Слышу шаги в своём направлении и зажмуриваюсь, всё ещё не отнимая рук от лица. Эдвард не увидит меня такой. Я обещала и себе, и ему.
Только вот…как мне выполнить обещание?
– Белла, – слышу мягкий бархатный голос рядом с собой. В нём снова растерянность. Прикусываю губы почти до крови, сдерживая рыдания. – Что с тобой?
Чувствую, как прогибается диван от его веса. Вот он уже рядом со мной. Я слышу его дыхание, несмотря на то, что все другие
– Я в пор… – не успеваю договорить до конца. Последние потоки страданий подступают, и мою платину прорывает. Я начинаю рыдать в голос, и слёзы катятся по щекам, словно водопады. Я так долго не плакала.…Так долго сдерживалась.
Всё, теперь пришло время выплескать накопившееся.
– Белла! – голос пронизанный ужасом – неужели Эдвард Каллен боится за меня? – заставляет меня ощутить острую нехватку поддержки от кого-нибудь.
Моё сознание отключается раньше, чем понимаю, что творю.
– Эдвард! – вскрикиваю я, и практически набрасываюсь на него, прижимаясь к мускулистой тёплой груди, чувствуя шёлковую материю рубашки. Слёзы мочат её, а рыдания становятся лишь сильнее.
– Что ты делаешь? – непонимающе спрашивает он, аккуратно пробуя расцепить мои руки, обвитые вокруг его шеи.
– Нет! – ужасаюсь я, и, молю его: – Пожалуйста, Эдвард, я знаю, сколько правил нарушила и сколько нарушаю прямо сейчас… Но, пожалуйста, на полчаса, позволь мне выплакаться…Мне больше не у кого просить этого. Всего полчаса. Потом можешь наказать меня… – голос вздрагивает и замолкает. Опускаю голову, и слёзы теперь текут на мою блузку.
Три секунды проходят в моих оглушительных рыданиях. Он колеблется. Решает.
Я вслушиваюсь в звуки комнаты, но слёзы мешают полноценно сделать это.

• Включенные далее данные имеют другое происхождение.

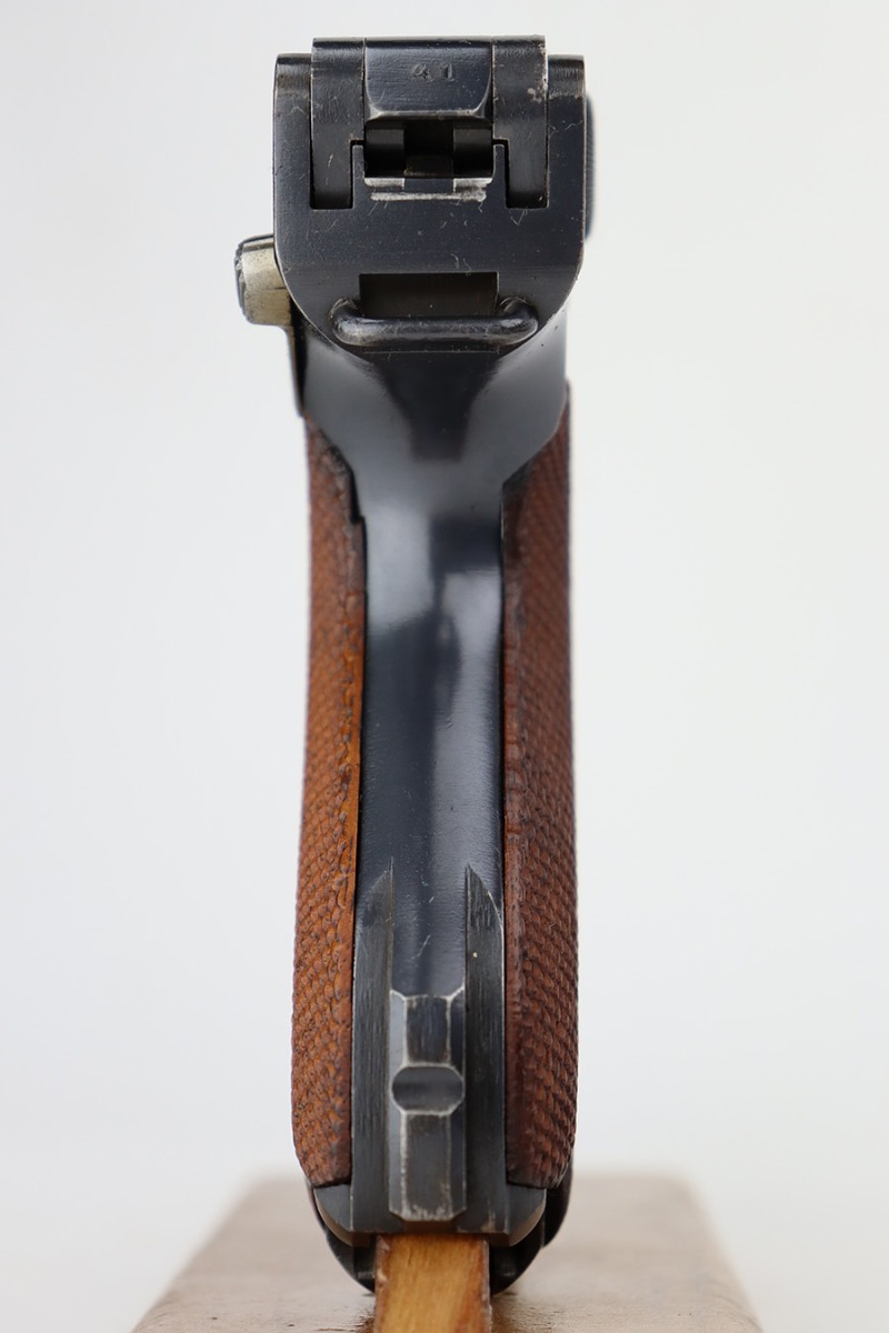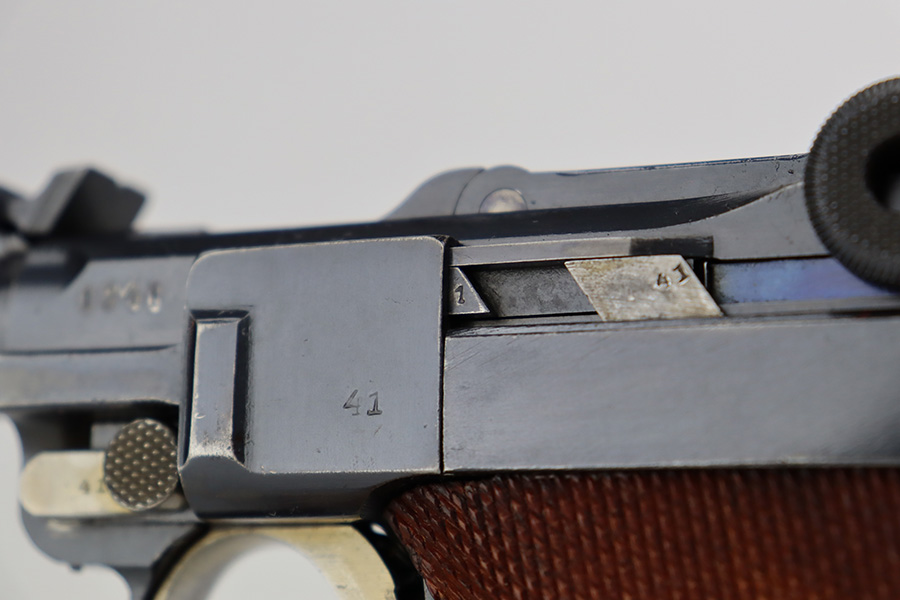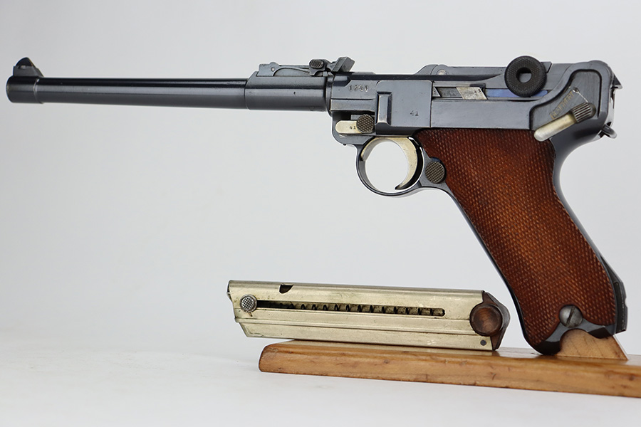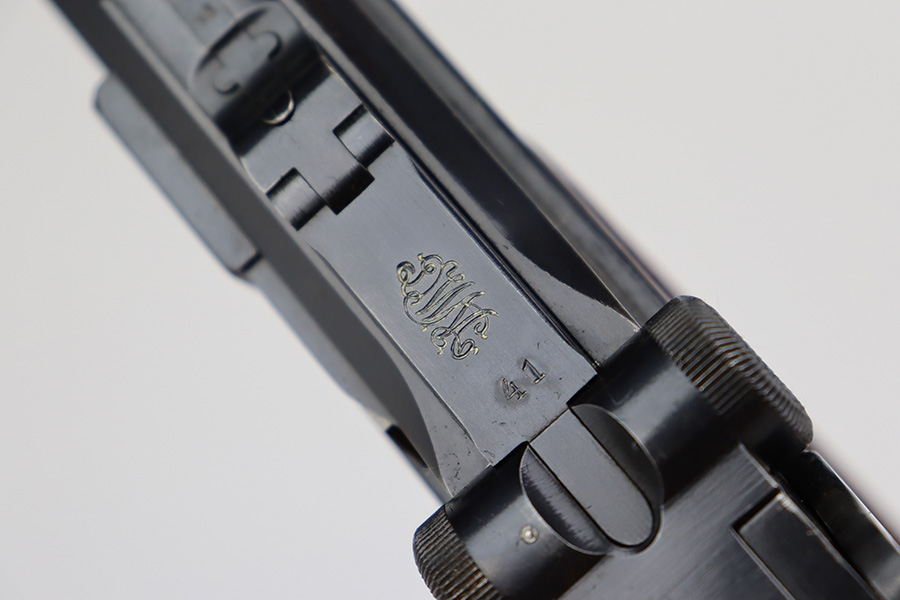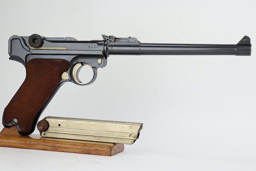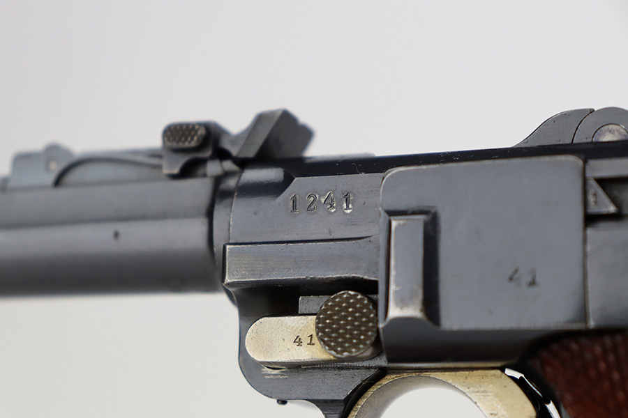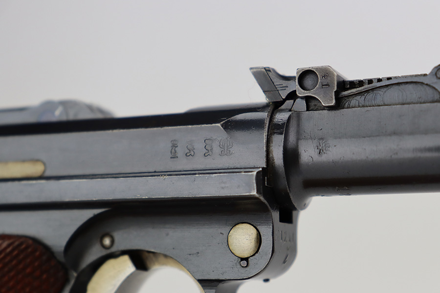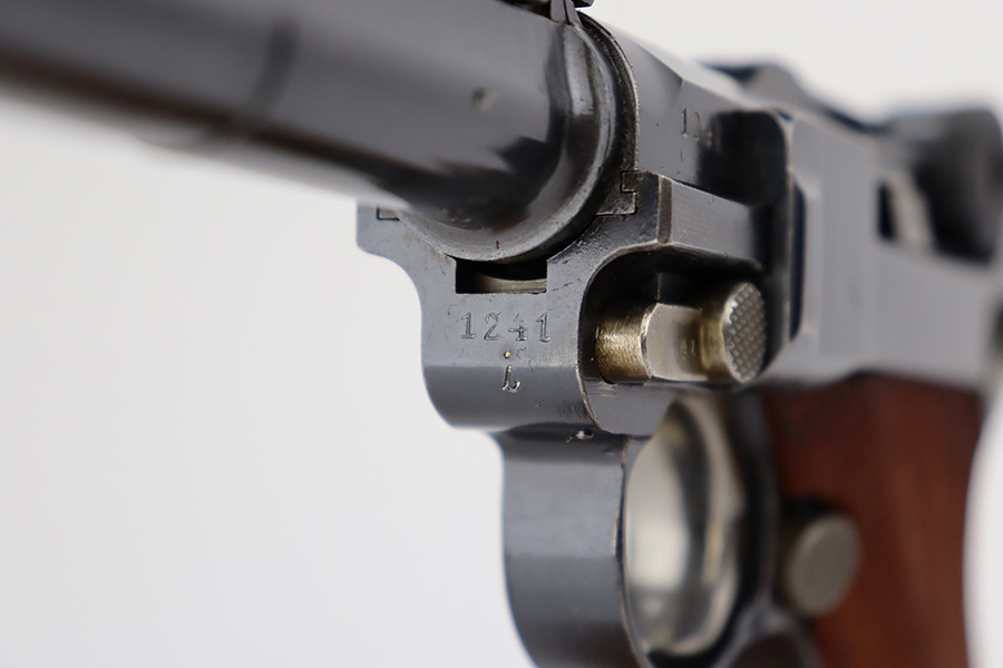 7/28/23 – This is a stunning example of a DWM Artillery Luger issued to the Imperial German military in 1917. All matching with the proper Imperial proofs. This gun is beautiful, retaining nearly all of its original finish. There are just hints of wear around the muzzle and on some of the high edges. Fitted with a mint set of mismatched grips. Comes with a mismatched but period-correct magazine. The bore has great rifling with very minor pin-pricking throughout.

– Иди сюда! – внезапно зовёт он и крепко прижимает меня к себе. Я продолжаю дрожать, плачу, но теперь чувствую себя лучше. Как ни странно, но чувствую себя защищённой от всего в этих руках.
Он – моя защита.
Моя и Энтони.
Пусть он тиран, пусть деспот, пусть убийца, пусть бесчувственный чурбан, но он мне нужен!
Нужен, с тех самых пор, как мне впервые понравились наши занятия любовью. С тех пор, как он примчался из Америки сюда, потому что я бросила трубку…
– Спасибо… – шепчу я, когда воздух сгорает в лёгких на очередном выдохе. Моя благодарность адресована всем хорошим поступкам, которые он сделал для нас с Тони. Пусть он о них и не знал до сегодняшнего дня, это всё равно ему зачтётся.
Эдвард не отвечает, лишь сильнее прижимает меня к себе.
Волны облегчения прокатываются по телу за волнами боли, делая их чуть терпимее.
Он здесь, со мной.
Энтони – смысл моей жизни, мне не продержатся без него ни секунды, но Эдвард…он держит на плаву нас обоих. И меня, и моего мальчика. Он наш ангел-хранитель.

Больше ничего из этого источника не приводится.